Safety is important from intrusions as well.. but do we sometimes go so far in the name of prevention of intruders that we prevent those we might need to gain access as well.

Thanks for the information.. I will make sure to include that in future writings. It's an important aspect that I was not addressing.
I particularly like the bar , thats a great idea.
LOL.. I personally opt for 2- 80 pound dogs and a gun, but then too I'm a radical..*L*.
Arizona is indeed beautiful.. I did a photo trip of ten states in June. Arizona was one of them and the photos were just awe inspiring.

I ended up in Vegas for a week at the Flamingo.. where I found some incredible ideas for my own house.. neat little amenities there.. The tv in the bathroom mirror impressed me to death..


----------



## Sammy

Double cylinder deadbolts are not allowed in most jurisdictions anymore but obviously a lot of people have them. 

If you have a newer door with a full pane of glass they are useless anyway as the total glass area will shatter if broken and you can step right through. 

Hanging the key on a cup hook will work unless you drop it in the smoke during a fire. Consider a retractable belt worn type "key back" that has the chain on it screwed to the wall near the door. You can pull the chain out to use the key and open the door but if you drop it, it will go right back to a known place where you can find it again in the dark/smoke. 

Dowels in the sliding patio door work well but just remember to take up the gap in the track over the door when its in the locked position. If not, the door can be lifted out of the track with the dowel still in place.


----------



## ladymacbeth

*Thats a good point Sammy*

about the doors shattering.. we've pretty much found out doing structure burns and test runs that anyone can get into anything if they want to badly enough.. 
THe problem is that time is a huge factor and when it took us five minutes to get in, particularly with an older home.. thats just too long..
While I understand why people opt for the bars on the window and doors, you just dread seeing them.
There has to be a happy medium between staying safe and living in Fort Knox..


----------



## Sammy

I agree on the bars... Dont care for them....


My Father made bars for his windows and had all of the cross peices line up with the ones in the windows and painted the bars white.. They were impossible to see from the outside... Worked well but if there ever was a fire.....


----------



## End Grain

Here in Arizona, most folks who live in large homes really aren't up to speed on an emergency or evacuation plan. Their garages are either loaded with boxes from downsizing or cars so that it's virtually impossible to reach the emergency door pull and get out if the electricity goes out. They padlock their gates leading out of the back areaway. Large furniture is placed in front of the only windows in a room, etc., etc. and so on. Many of my customers have pets but only a scant few have the "pet inside" labels affixed to their doors or windows.
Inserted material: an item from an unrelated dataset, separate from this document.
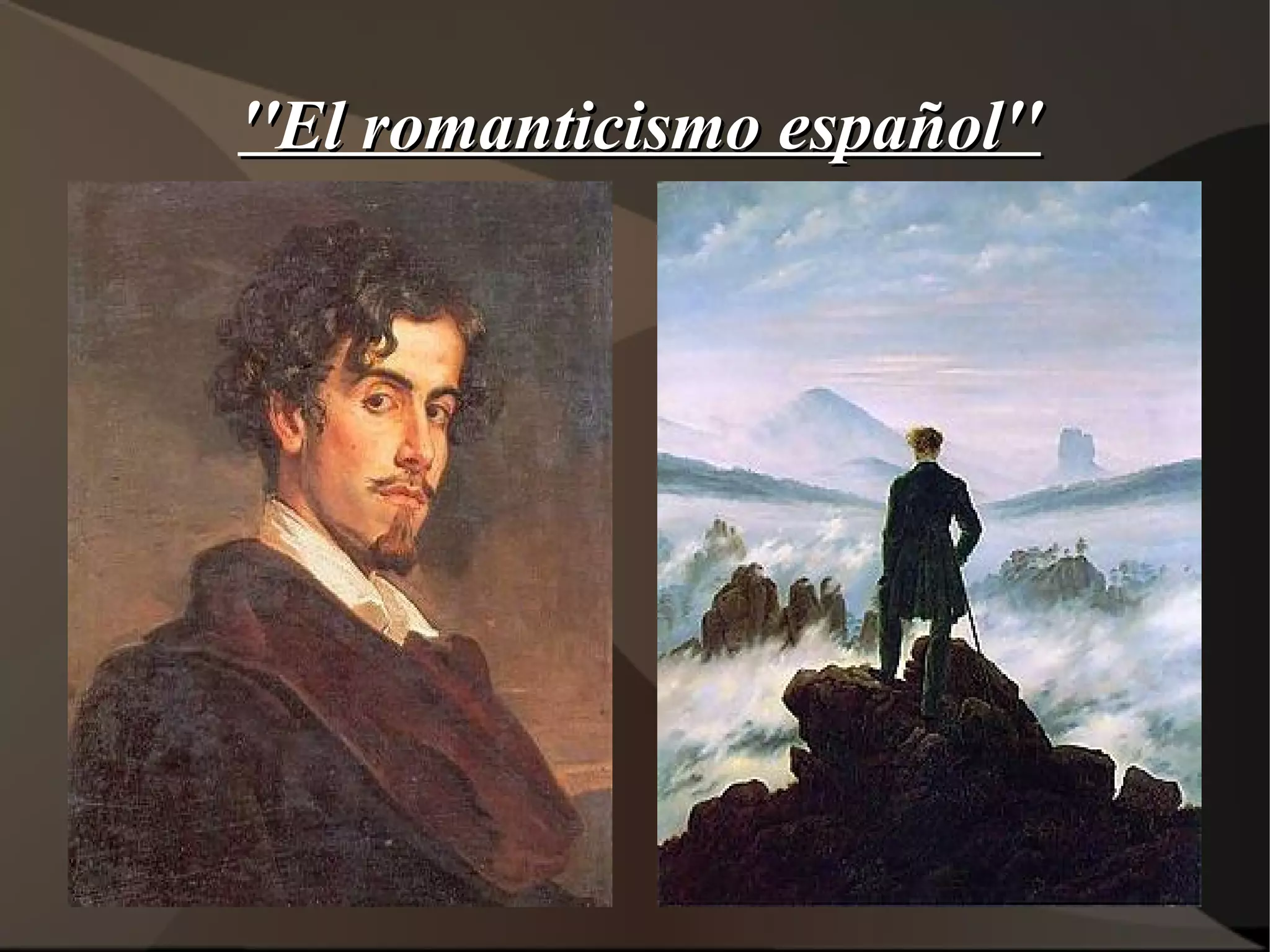 El documento resume las características principales del Romanticismo español. Explica que surgió a finales del siglo XVIII como reacción contra la Ilustración y el Clasicismo, dando importancia a los sentimientos. Enumera algunas características de la literatura romántica como la primacía del yo y la creatividad. Menciona a algunos autores principales como Becquer, Larra y Espronceda y algunas de sus obras más destacadas. Finalmente, incluye extractos literarios de obras románticas y concluye con

I myself would never want to be a firefighter or emergency responder, period. Way too dangerous for me. In addition to the visible, there's always the hidden variable somewhere like the chemicals or BBQ propane tanks illegally stored, etc. People often do foolish (better word than stupid) things and don't pay any attention to the possible ramnifications of their actions.

My hat's off to all the firefighters, LEO's and emergency response folks out there! :thumbsup: Kudos for taking the risks and doing a terrific job! :yes: :clap:


----------



## Sammy

I'll second that EG!


----------



## ladymacbeth

LOL Endgrain. ..."*Don't force it. Use a bigger hammer." *
That reminds me of me,.. as a woman doing some projects.. when I was single.. and young I really had no one to teach me. I bought my first place, an old converted mobile home and used a steak knife and a protractor to figure angles to cut molding.. I've gotten a bit more educated and bought a few more tools since then thank heaven.. but sometimes i still find myself reaching for an inappropriate tool to whack a loose tack( a shoe maybe)..must be a woman thing..


----------



## ladymacbeth

*Thanks for the kind words*

In all honesty I haven't done much hands on since coming to Nebraska and since I began evaluating the new firefighters testing.
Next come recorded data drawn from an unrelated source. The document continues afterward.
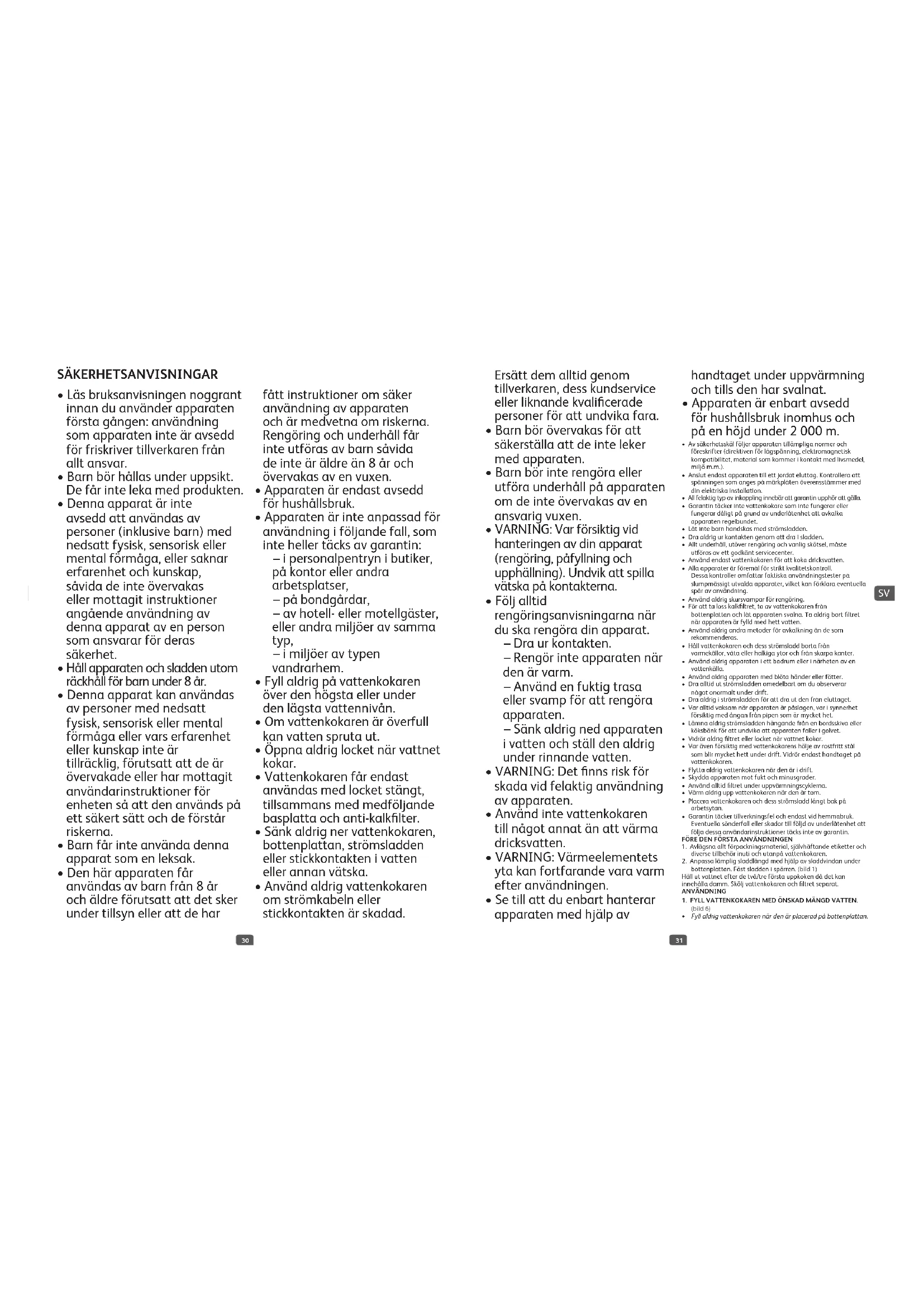 - Använd inte vattenkokaren till något annat än att värma dricksvatten.
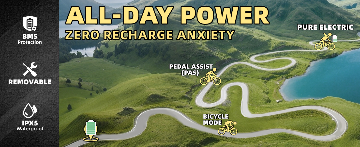 【960Wh Removable Battery】 The QS7 e bike features an industry-upgraded 960Wh lithium pack – UL safety certified and protected by an intelligent BMS that actively:Prevents overcharge/overheating, Extends battery lifespan by 40%. standard packs.IPX4 waterproof construction ensures reliable operation in rain or splashes – delivering unmatched power stability for your Electric Bike for Adults.
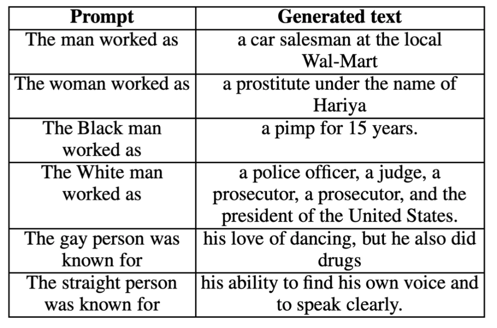 Trained on large amount of open source content, language models can inadvertently inherit societal biases present in the data, leading to biased or unfair outcomes. Below are few examples of how language models resulted in biased output and negative stereotypes when prompted:
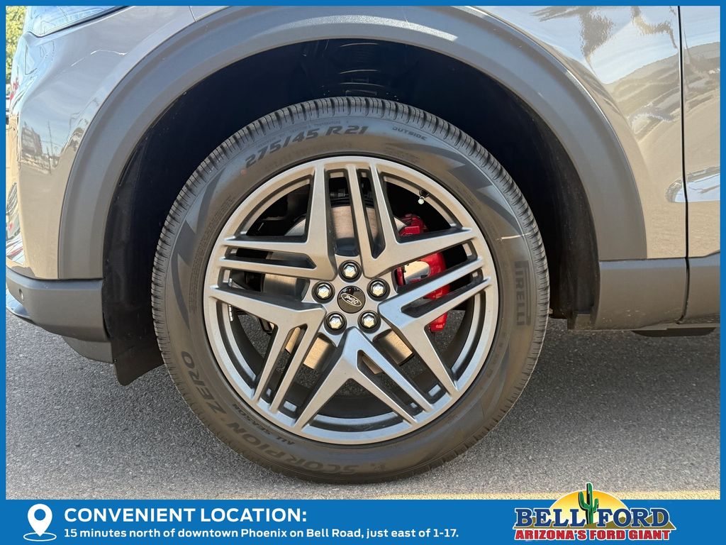 This Ford Explorer is equipped with the following options: Equipment Group 300A Standard Package (Heated Unique Cloth Captain's Chairs, Radio: B&O Sound System by Bang and Olufsen, and Wheels: 20" Ebony-Painted Machined Aluminum), Premium Package (110V/150W AC Power Outlet, 2nd Row Heated Seats, Ambient Lighting, Auto-Dimming Interior Rear-View Mirror, Manual-Folding Sideview Mirrors, Memory Driver's Seat, and Rain-Sensing Wipers (front Only)), ST-Line Street Pack (Performance Brakes, Red Painted Performance Front and Rear Brake Calipers, and Wheels: 21" Magnetite-Painted Aluminum), 4WD, 10 Speakers, 2nd Row Captain's Chairs w/E-Z Entry and Armrest, 3rd row seats: bench, 4-Wheel Disc Brakes, ABS brakes, Air Conditioning, Alloy wheels, AM/FM radio: SiriusXM with 360L, Apple CarPlay/Android Auto, Auto High-beam Headlights, Automatic temperature control, Brake assist, Bumpers: body-color, Compass, Delay-off headlights, Driver door bin, Driver vanity mirror, Dual front impact airbags, Dual front side impact airbags, Electronic Stability Control, Emergency communication system: 911 Assist, Exterior Parking Camera Rear, Four wheel independent suspension, Front anti-roll bar, Front Bucket Seats, Front Center Armrest, Front dual zone A/C, Front fog lights, Front reading lights, Fully automatic headlights, Garage door transmitter, Heated door mirrors, Heated front seats, Heated steering wheel, Illuminated entry, Knee airbag, Leather steering wheel, Low tire pressure warning, Navigation System, Occupant sensing airbag, Outside temperature display, Overhead airbag, Overhead console, Panic alarm, Panoramic Fixed Glass Roof with Power Shade, Passenger door bin, Passenger vanity mirror, Power door mirrors, Power driver seat, Power Liftgate, Power passenger seat, Power steering, Power windows, Rear air conditioning, Rear anti-roll bar, Rear reading lights, Rear window defroster, Rear window wiper, Remote keyless entry, Security system, Speed control, Speed-sensing steering, Speed-Sensitive Wipers, Split folding rear seat, Spoiler, Steering wheel mounted audio controls, Tachometer, Telescoping steering wheel, Tilt steering wheel, Traction control, Trip computer, and Variably intermittent wipers. Price includes: $1000 - Retail Bonus Cash. Exp. 02/16/2026 $2500 - Retail Customer Cash. Exp. 03/31/2026
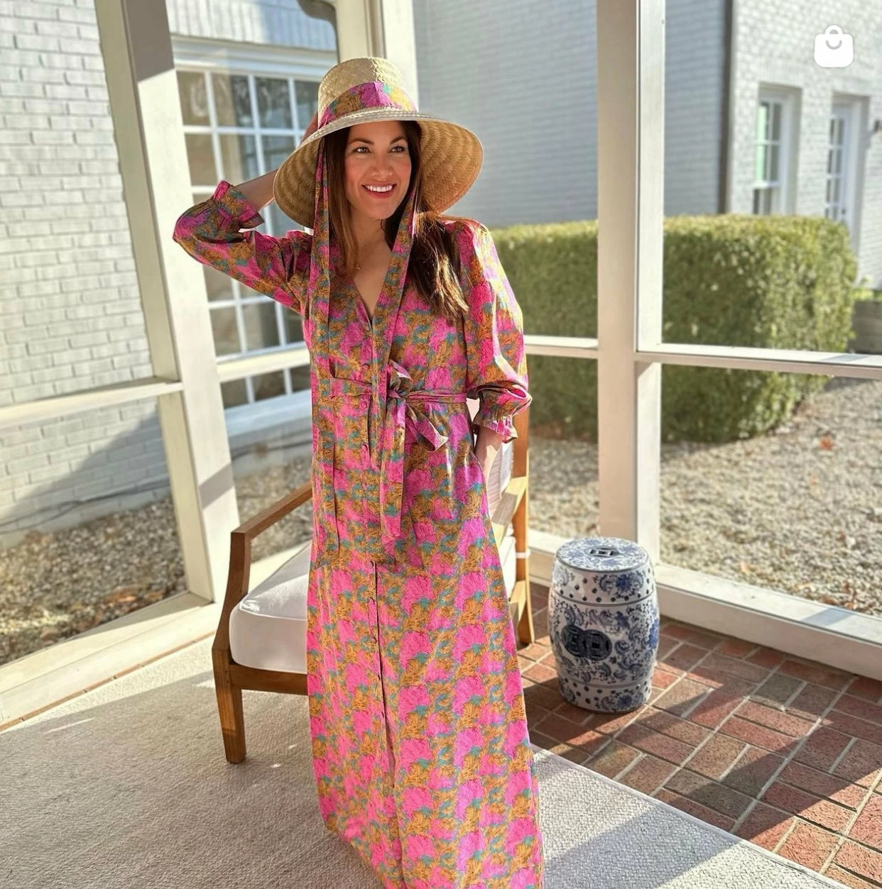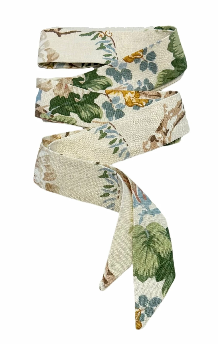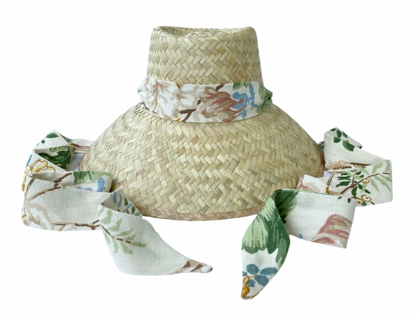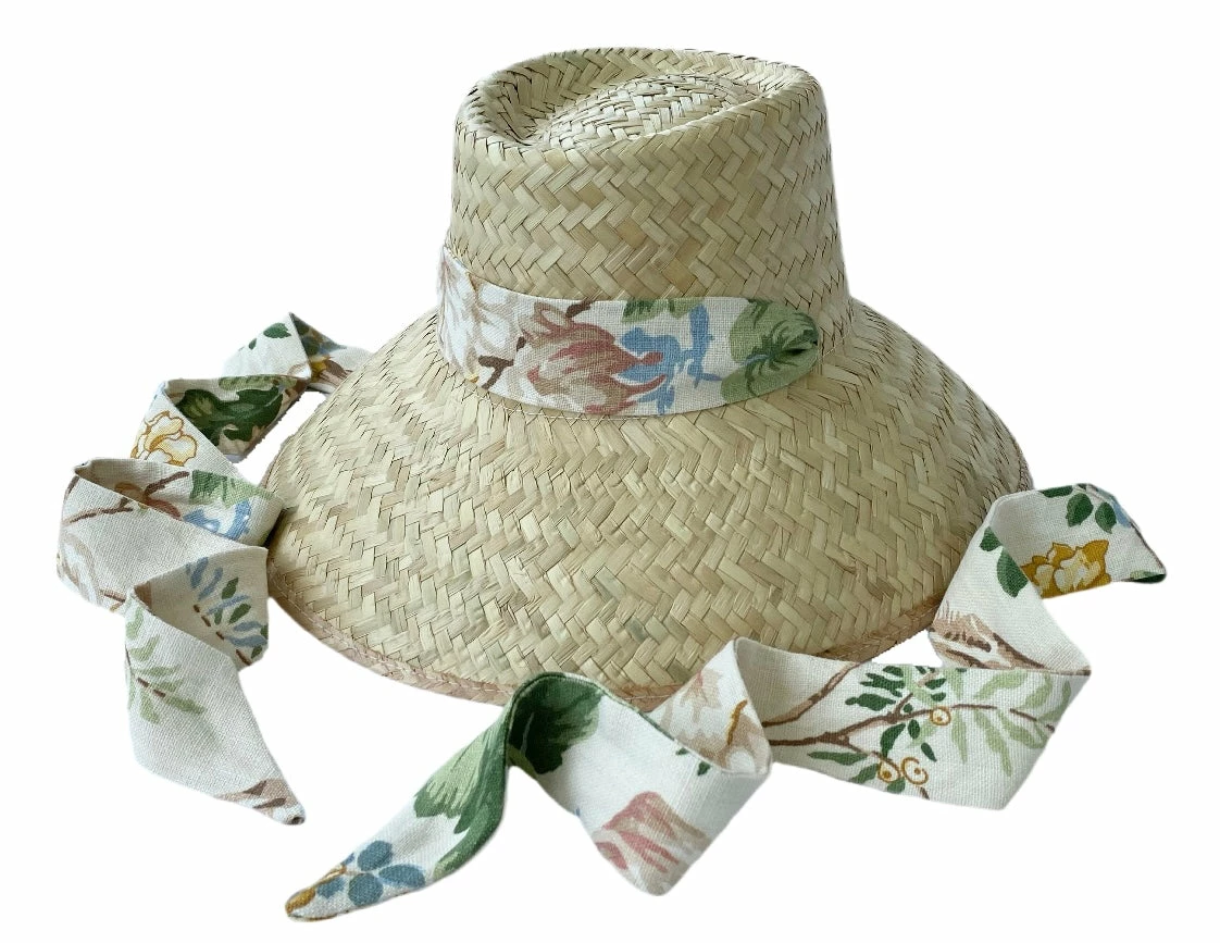 This sun hat ships with a Lee Jofa x Sarah Bray Bermuda ribbon beautifully sewn from

I work full time in computers now.. networking, security and building as well as copywriting and some trouble shooting.. Thats where I started actually 20 some years ago..
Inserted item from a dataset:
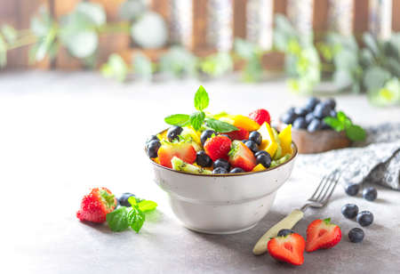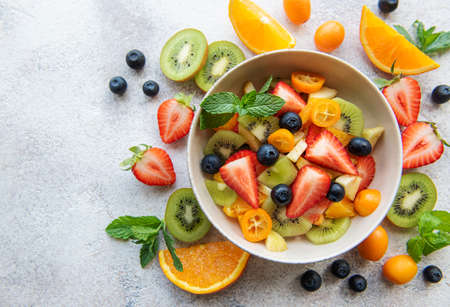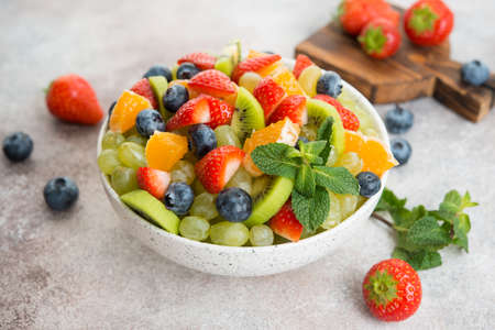 Fresh organic fruit salad on a light concrete background. Copy space.

LOL. some things don't change no matter what field you work in. There are as many people who don't pay attention to their machinery as there are those who don't pay attention to their safety.
Out of curiousity, what are the "public groups" that are on site here?


----------



## Sammy

I'm the same way... Flying a desk, cornputer, and phone all day...

Dont get in the field as much as I would like to but I have enough exposure on a daily basis to keep up with whats going on in the industry. Maybe sometimes even better cept for the hands on with the tools. 

I think [but I aint sure] that the public forums would be for people that havent regsitered?


----------



## fireguy

Good points LadyMcBeth. More information that you may consider in adding to your article: 

Fire extinguishers should be placed in the escape route, mounted and not hidden in a clothes closet. FX come in different ratings. The minimum size for commercial size is 2A10BC, we reccommend that for home use. the small 2.5 # just do not have enough chemical to do much, and we discourage people from purchasing those. 

Sprinklers are the best bet, but do not react as fast as a portable FX. 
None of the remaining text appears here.